If I do not set config[evaluation_num_workers] = 1
then everything works fine, but for other reasons that I won’t explain here I need it to be 1
.
@fedetask ,
I would check what config["evaluation_config"]
looks like as during evaluation this config is used. Maybe therein you get a default of 1
.
1 Like
That was the problem, thanks!
However, isn’t this a bug? My evaluation config is just {'explore': False}
, it does not contain the 'replay_sequence_length'
key at all.
The custom exploration_config
is merged with the default (or common) exploration configuration during validation such that a user does not have to restate all configuration parameters. As a side-effect you have some default values that are taken from the default configuration that are not directly observable and have to be accounted for.

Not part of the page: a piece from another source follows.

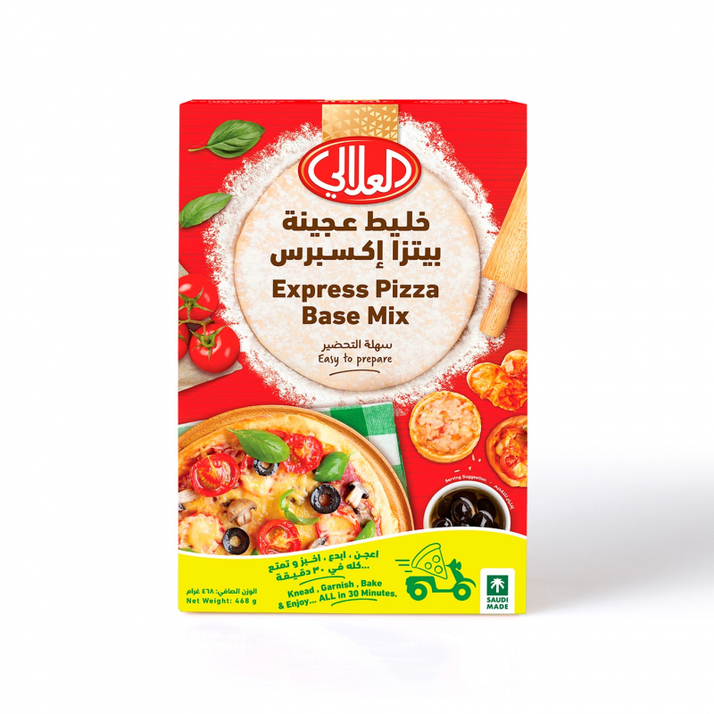 Prepare your pizza faster than the delivery. With Alalali Pizza Express, your pizza will be ready in 30 minutes. All you need to add is water and oil. Then leave the dough to raise for 5 minutes, spread, add Italian pizza sauce, then customize it to your family tase by adding their favorite topping. Finally, bake it for 10-12 minutes.
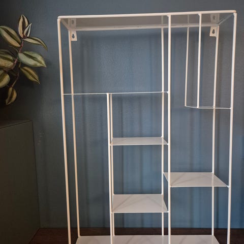 Hylden kan bruges som glashylde , meget dekorativ eller både som glashylde men også til at hænge tøj på bøjler samtidig. 1 stk buet hylde med tilhørende glashylde.

As configuration parameters are a lot in RL the RLlib team opted for using a default configuration and let users change specific parameters. So we just have to learn once, what the default is but do not have to set up a full configuration (and certainly often forget some parameters that lead then to an error).
1 Like
Ok I understand, this does indeed cause an issue since the correct 'replay_sequence_length'
in the default R2D2 is probably replaced with a wrong value when the merge happens. I guess it’s this bug that hasn’t been addressed yet.
Do you think that if I set config['evaluation_config']['replay_sequence_length'] = -1
this would cause an issue to other algorithms? DQN works anyway but I don’t know about others.
1 Like
I guess that as long as you do not use a recurrent model that would work fine.
1 Like